Top of RECORDS FOR PROCESSING

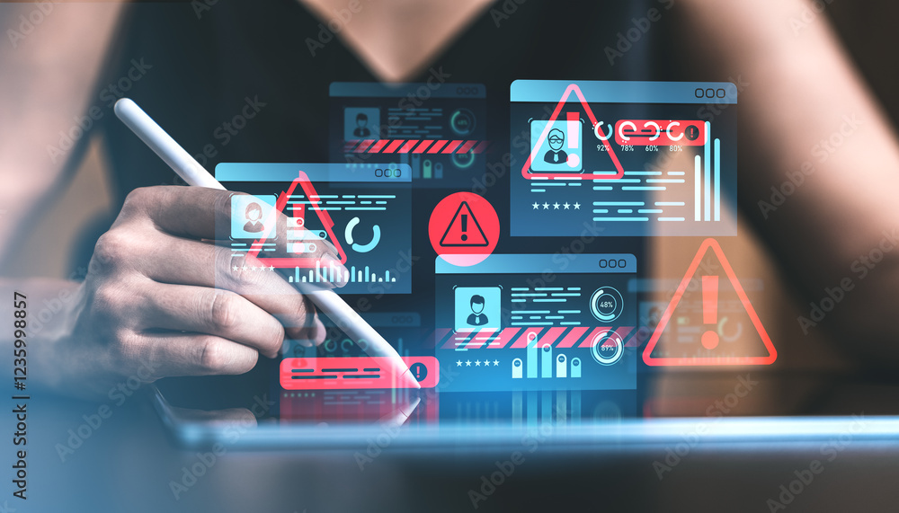 Cybersecurity warning displayed on digital interface with hand interacting on tablet.
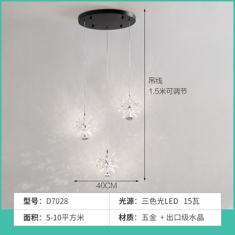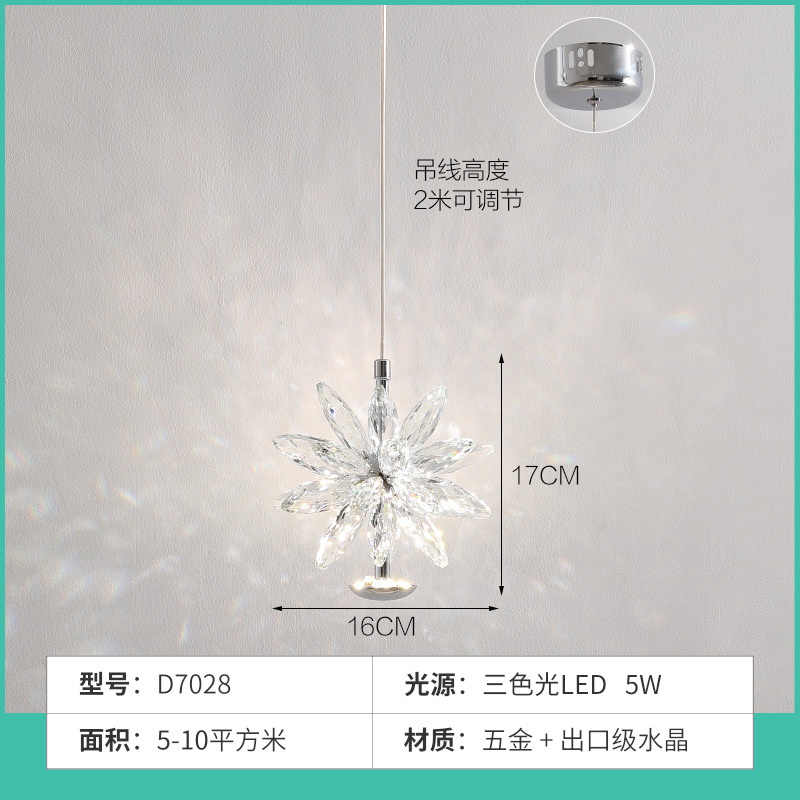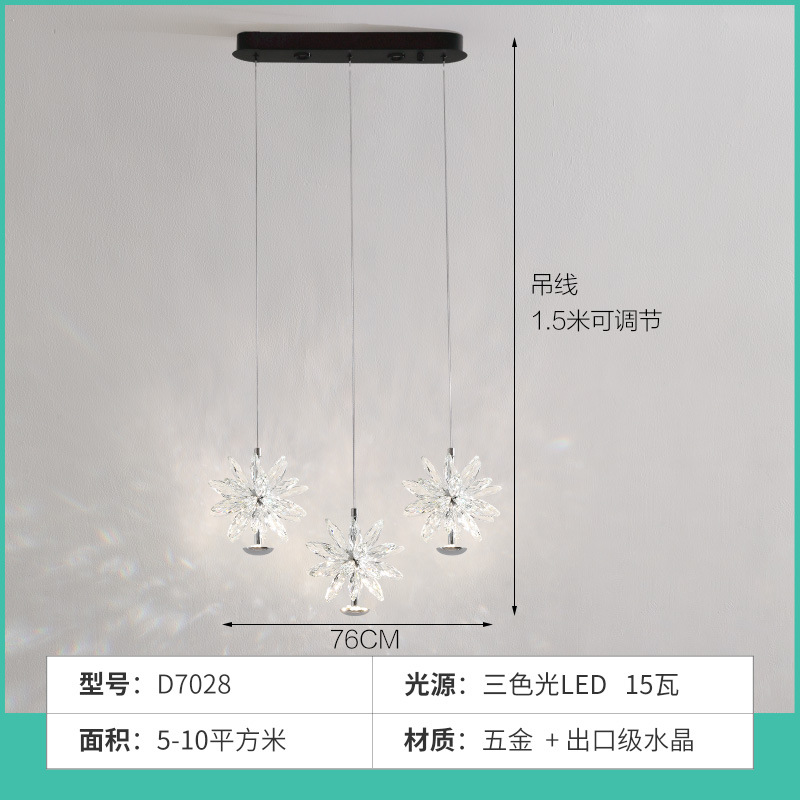 Light luxury crystal pendant lamp, modern minimalist bedroom bedside lamp, designer's creative French restaurant hanging line lighting fixture
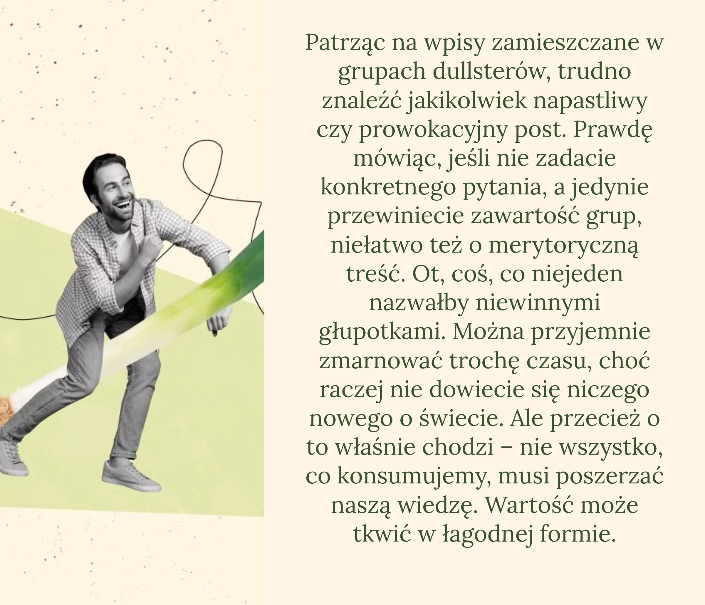 Grupa zupełnie niezamierzenie stała się przestrzenią do wyciszenia i odpoczynku od informacyjnego chaosu, ale też od werbalnej agresji. Zaczęła przyciągać tych, którzy szukają miejsca do rozmów – często o niczym – i dzielenia się przemyśleniami. Tych, którzy tęsknią za starym internetem, trącącym może nieco bumerszczyzną, w którym taką funkcję pełniły blogi i fora.
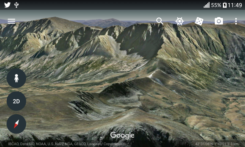 Google Earth sempre és un valor segur. Només consultable online o en caché d’allò que haguem consultat anteriorment. Però ens pot treure de dubtes a l’hora de continuar una excursió o confirmar els cims del nostre entorn gràcies a la seva magnífica visió de 360º.
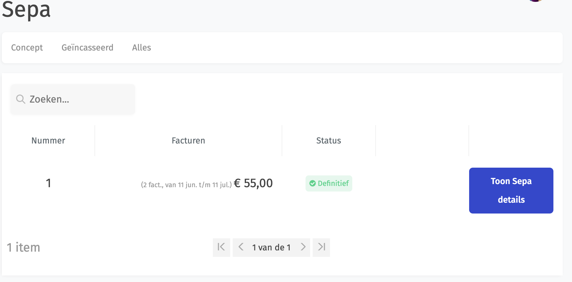 Als de factuurdatum is bereikt, komt de factuur op een lijst te staan: de SEPA-lijst. Die is als volgt te vinden:
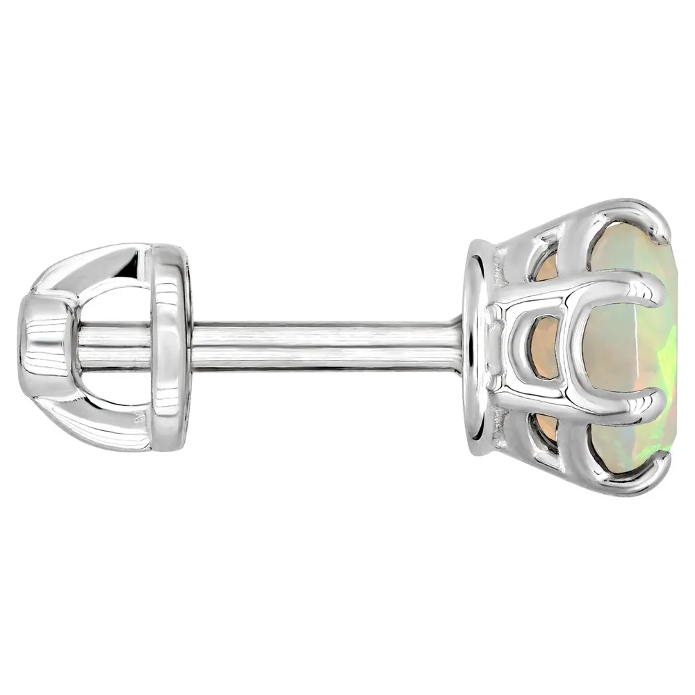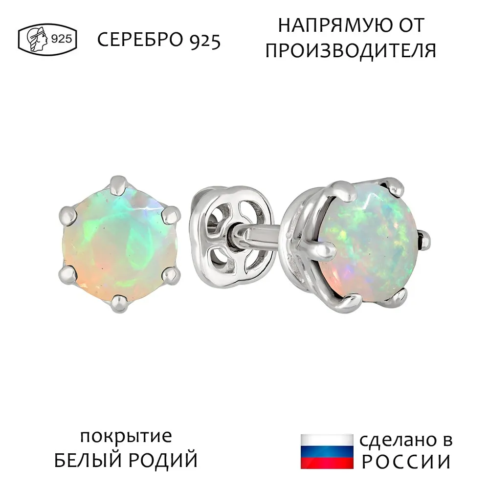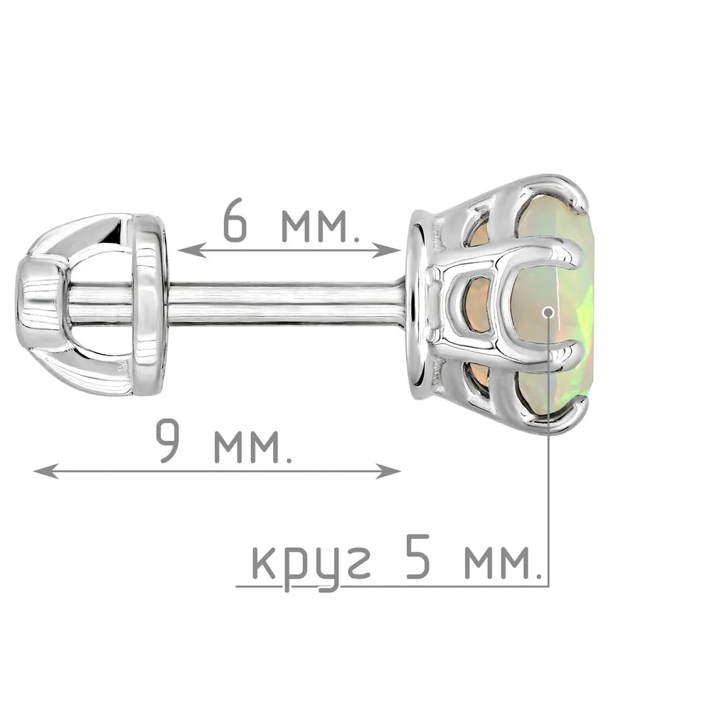 Серебряные серьги гвоздики (пусеты) с натуральным опалом (Экстра) 5 мм. / Белый Родий.
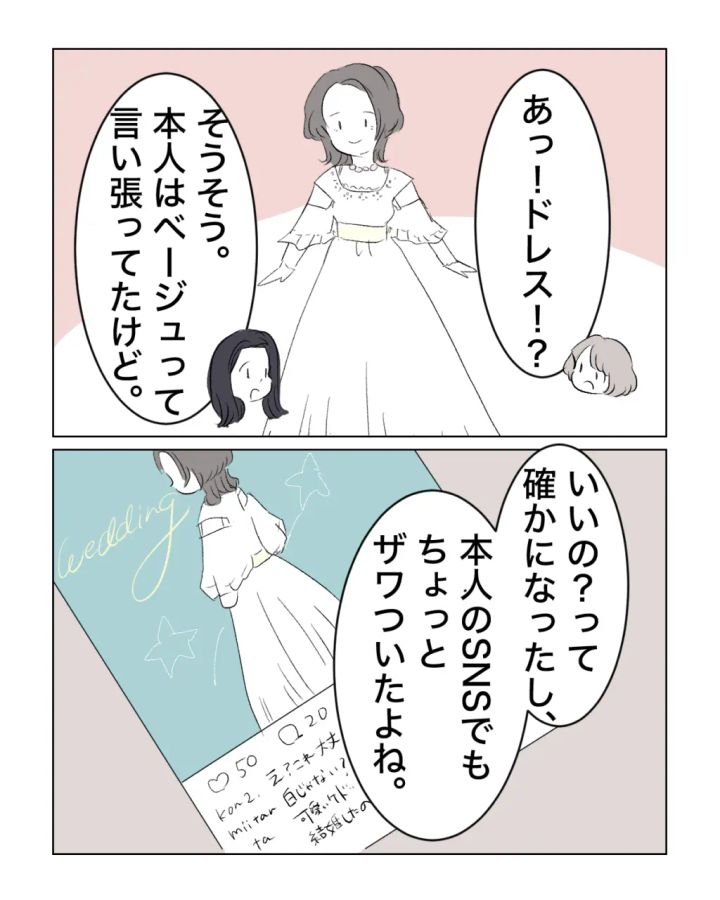 これはベージュ!友達の結婚式にほぼ白色のドレスを着てご満悦のギリギリを攻める女|ママ広場マンガ

Bottom of RECORDS FOR PROCESSING

▶ _WORK ITEM_:
Transcribe the whole listing, character for character, but not its images.

▶ _EXERCISE RESULT_:
 Cybersecurity warning displayed on digital interface with hand interacting on tablet.
 Light luxury crystal pendant lamp, modern minimalist bedroom bedside lamp, designer's creative French restaurant hanging line lighting fixture
 Grupa zupełnie niezamierzenie stała się przestrzenią do wyciszenia i odpoczynku od informacyjnego chaosu, ale też od werbalnej agresji. Zaczęła przyciągać tych, którzy szukają miejsca do rozmów – często o niczym – i dzielenia się przemyśleniami. Tych, którzy tęsknią za starym internetem, trącącym może nieco bumerszczyzną, w którym taką funkcję pełniły blogi i fora.
 Google Earth sempre és un valor segur. Només consultable online o en caché d’allò que haguem consultat anteriorment. Però ens pot treure de dubtes a l’hora de continuar una excursió o confirmar els cims del nostre entorn gràcies a la seva magnífica visió de 360º.
 Als de factuurdatum is bereikt, komt de factuur op een lijst te staan: de SEPA-lijst. Die is als volgt te vinden:
 Серебряные серьги гвоздики (пусеты) с натуральным опалом (Экстра) 5 мм. / Белый Родий.
 これはベージュ!友達の結婚式にほぼ白色のドレスを着てご満悦のギリギリを攻める女|ママ広場マンガ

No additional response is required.